Looking for a car loan might sometimes feel like an endless search. With so many options, it can be difficult to narrow down what the best option is for you.
One major aspect to consider is the APR, and finding a good APR can be the key to finding the right car loan. Having a short loan with the lowest APR you can find typically comes with the bad credit auto loans best financial benefits. You can pay the loan off quickly and accumulate less interest, which will cost you less money overall.
What is APR, anyway?
APR is the Annual Percentage Rate on a loan. It includes the interest rate and any other fees you pay to finance a car each year. The interest rate does not include the fees charged for the loan, but the APR does, making it a measure that encompasses the total cost of borrowing money each year.
When looking at the cost to borrow money, it is key to consider not just the nominal interest rate, but the APR. APR can include closing costs, discounts, broker fees, account fees, etc. This helps you to compare two loans accurately.

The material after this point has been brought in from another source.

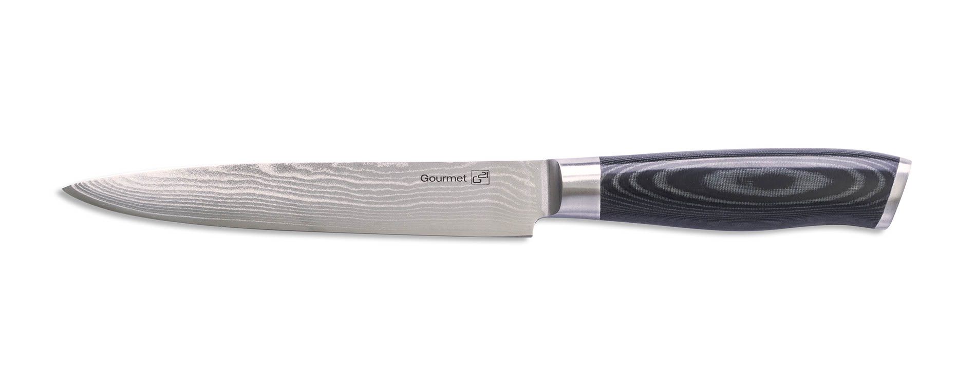 Wysokiej jakości 18 cm nóż kuchenny G21 Gourmet Damascus wykonany z japońskiej stali damasceńskiej tnie i porcjuje. To sprawia przyjemność codziennego gotowania, co docenia każdy dobry kucharz.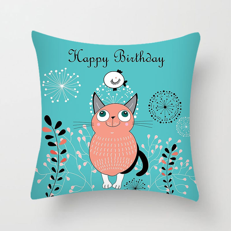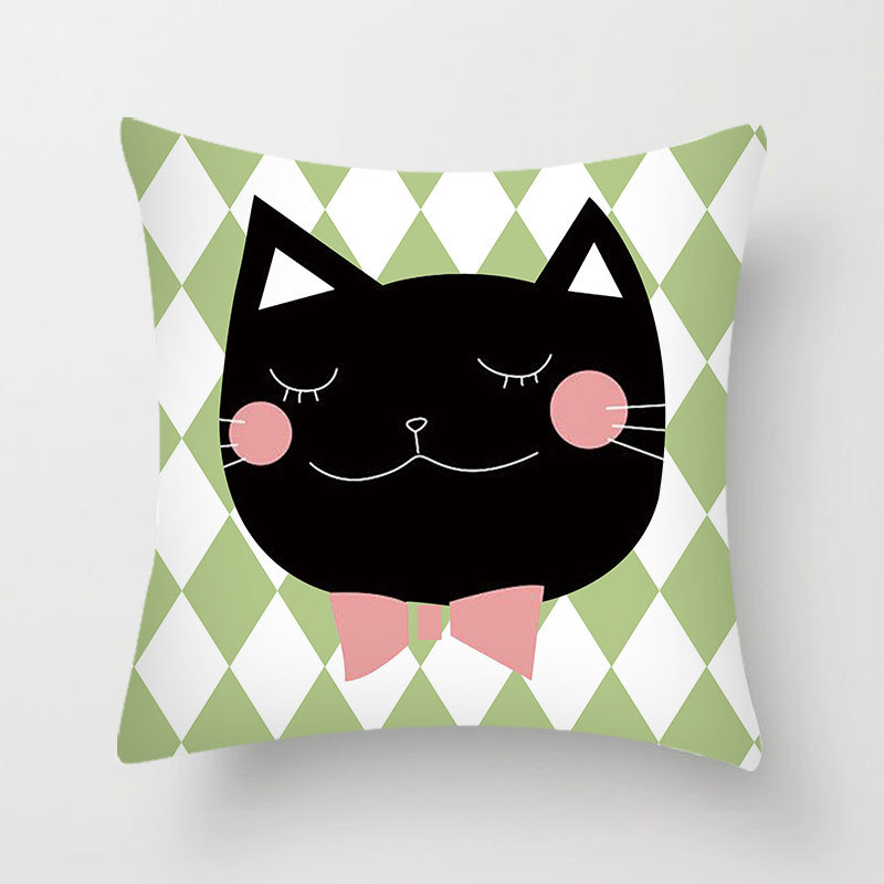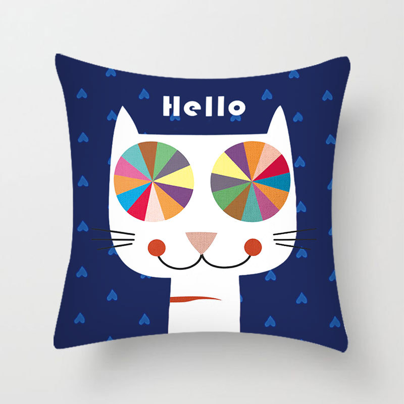 亚马逊跨境卡通可爱hello猫抱枕套卧室沙发靠垫套家居桃皮绒枕套

What kind of APR can I get?
The APR that is available to you depends on several factors, but most importantly your credit score. If you have a very high credit score, your interest rates will be lower, thus you will get a lower APR.
If you have a low credit score (think 500), you may only be able to get approved for loans with an interest rate of as high as 15-18%, meaning that the overall APR you can access is much higher.
If you are purchasing a used car, the APR is typically going to be higher than that of a new car. This is because used cars are seen as more of a liability to lenders, with a higher likelihood to have issues that may render the car unusable, resulting in you having to default on the loan. This is something to consider when deciding to purchase a new versus used vehicle with a loan.